It was a rough summer for Baxter International, Inc., which was forced to issue its second recall for the Vascu-Guard Peripheral Vascular Patch. Unfortunately, it appears that the Vascu-Guard Patch recall was only the latest safety issue to ensnare the company in recent years.
In January, the Chicago Tribune reported that Baxter had issued five product recalls during the previous year. Those actions included an earlier, Class I recall for 15 lots of the Vascu-Guard Patch, as well four recalls of IV solutions for issues that included insect contamination, leaking containers, particulate matter and missing port protectors.
“For Baxter, recalls are an ongoing issue. The Food and Drug Administration (FDA) website shows numerous recalls each year for the past several years, with some that cost the company millions of dollars,” the Tribune article stated.

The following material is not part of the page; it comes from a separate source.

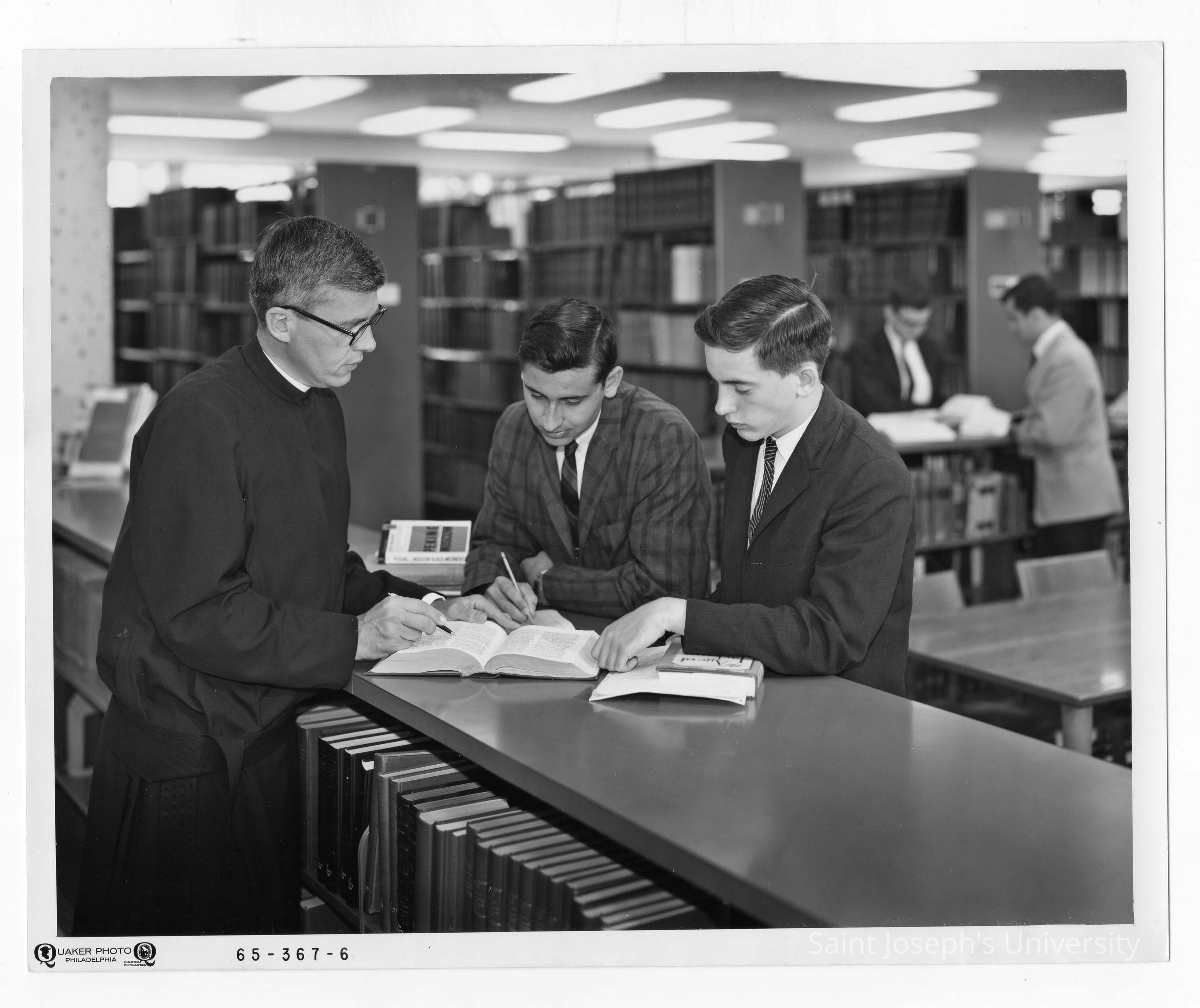 Jerome Coll, S.J., working with two students in Honors Program in Drexel Library, c. 1968.

The Vascu-Guard Patch is s designed for use in peripheral vascular reconstruction and arteriovenous access revisions. On September 1st, The FDA announced that Baxter had recalled certain lots of the product in June, after receiving multiple reports of adverse events in patients undergoing carotid endarterectomy (CEA) surgery. According to the FDA, these incidents involved intraoperative or postoperative bleeding and hematomas, some of which required additional clinical intervention. Three patient deaths may also be linked to the Vascu-Guard recall.

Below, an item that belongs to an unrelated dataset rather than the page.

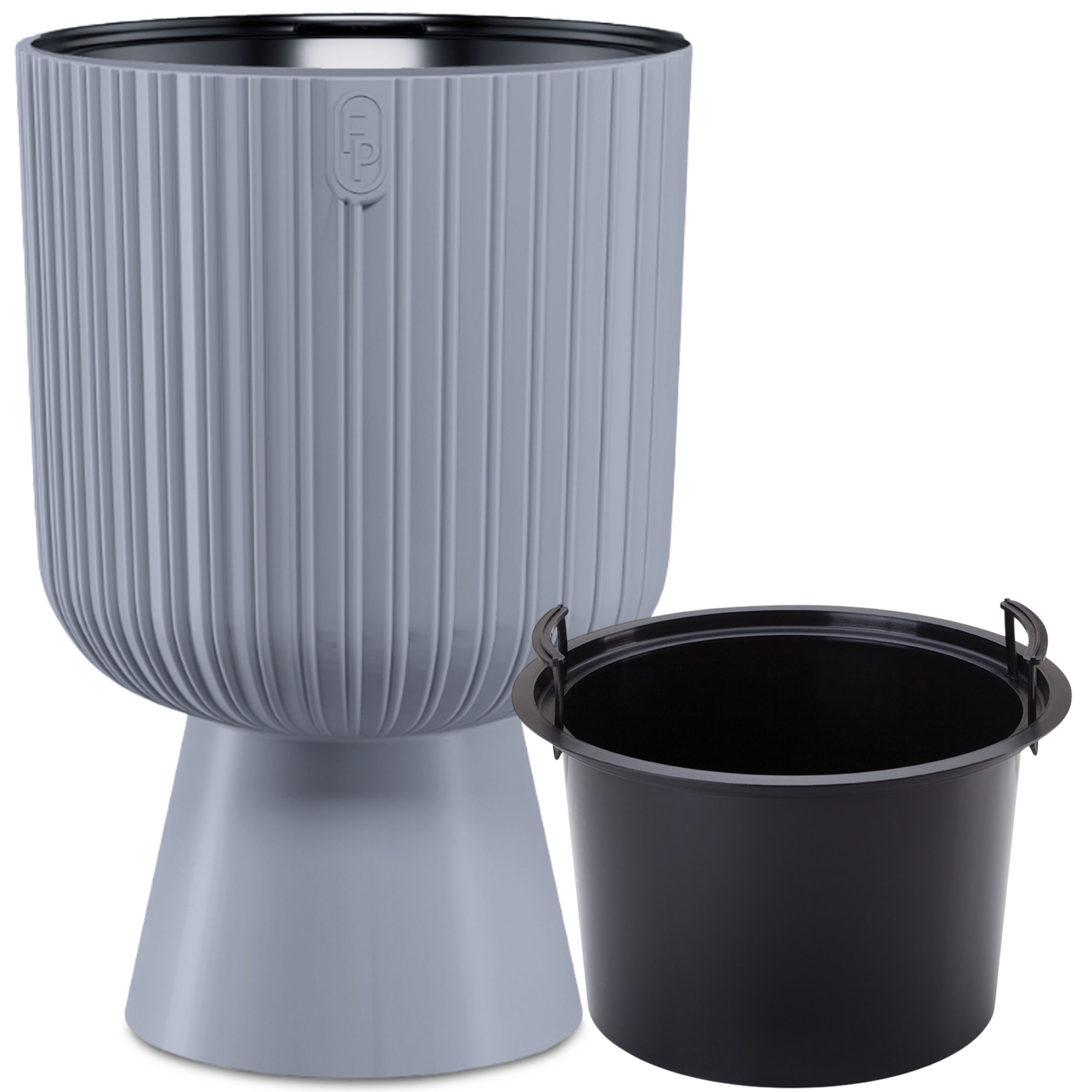 Doniczka okrągła Keli Mika 40, Platyna. Duża, okrągła doniczka o prążkowanej fakturze pionowych żłobień, z poszerzaną ku dołowi, gładką nóżką. Doniczka w kolorze platynowym z czarnym wkładem. Piękny, nowoczesny wzór nada wnętrzu elegancji i przyciągnie wzrok gości, szczególnie w połączeniu z rośliną zieloną o dużych liściach. Donica odporna na promieniowanie UV i niskie temperatury, mrozoodporna. Idealna na zewnątrz m.in. do ogrodu, na taras. Wspaniale współgra z nowoczesnymi, ozdobnymi trawami. Do 80% stworzona z recyklingu. Doniczka o pojemności wkładu 13,7 litra. Produkt sygnowany marką Fashion Pots. Nadaje się do recyklingu w 100%.

This most recent action was designated a Class II recall by the FDA, which indicates that the affected products might cause a temporary health problem, or pose a slight threat of a serious nature or death.

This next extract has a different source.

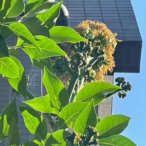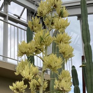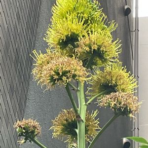 ✿リュウゼツラン (竜舌蘭) 中南米原 多肉植物 数十年一度だけ株元の中央から幹のような花茎がたちあがり 花茎から伸びた枝先に小さな花を沢山付ける。 下から徐々に咲く💛 開花後は枯れて倒れる 株元から外側に伸びた葉の縁にギザギザがありその葉の形から「竜舌」の名が付いた ①枝先に満開のお花💛 ②12mほど気持ち良く伸びた全体の姿 ③下から8割位の高さまで咲いた様子 ④一番上の蕾と咲き始めの花 ⑤株元の中央から幹のような花茎が立ち上がり、伸びる 話題になってるリュウゼツランを見てきました😁 7/18 横浜上永谷撮📱

The Vascu-Guard Patch was also the subject of a Class I recall in May 2015. Class I is the FDA’s most serious recall category, and indicates that there is a reasonable chance that use of the affected product will result in serious adverse health consequences or death. The first Vascu-Guard Patch recall was issued after Baxter received complaints from customers who experienced difficulty in distinguishing the smooth from rough surface of the patch. This could result in incorrect placement of the patch, increasing the risk that patients will experience vessel thrombosis (blood clot) and/or embolism. In fact, Baxter acknowledged receiving a number of such reports that involved the recalled product codes.